# DNS Issue



## robbiealex (May 7, 2020)

HELP!!!

I can't ping from the command line unless I change my WAN connection to DHCP. I currently have a static IP from my ISP so I'm needing to use my static.
The error message I get is "ping: cannot resolve google.com: Host name lookup failure".


----------



## robbiealex (May 7, 2020)

Also, I am running opnsense.


----------



## SirDice (May 7, 2020)

robbiealex said:


> Also, I am running opnsense.


PC-BSD, FreeNAS, XigmaNAS, and all other FreeBSD Derivatives


----------



## tingo (May 11, 2020)

robbiealex said:


> I can't ping from the command line unless I change my WAN connection to DHCP. I currently have a static IP from my ISP so I'm needing to use my static.
> The error message I get is "ping: cannot resolve google.com: Host name lookup failure".

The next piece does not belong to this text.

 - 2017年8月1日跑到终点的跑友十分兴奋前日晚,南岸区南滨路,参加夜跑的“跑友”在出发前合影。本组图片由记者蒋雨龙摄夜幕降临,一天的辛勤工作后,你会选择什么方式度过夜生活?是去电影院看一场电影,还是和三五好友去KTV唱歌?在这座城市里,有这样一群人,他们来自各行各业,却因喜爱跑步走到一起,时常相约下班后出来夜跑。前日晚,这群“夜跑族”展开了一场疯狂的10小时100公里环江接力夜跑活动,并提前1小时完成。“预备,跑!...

Just pointing out: this is a dns issue (as the error message tells you). Try to ping an ip address and see if that works: `ping 8.8.4.4` for example.


----------



## robbiealex (May 13, 2020)

tingo said:


> Just pointing out: this is a dns issue (as the error message tells you). Try to ping an ip address and see if that works: `ping 8.8.4.4` for example.


I am able to ping when I use my static now - I figured out this error only occurs when I load in my other static IPs into the Virtual IP Section on Opnsense. Any thoughts?


----------



## SirDice (May 13, 2020)

robbiealex said:


> Any thoughts?


See post #3.


----------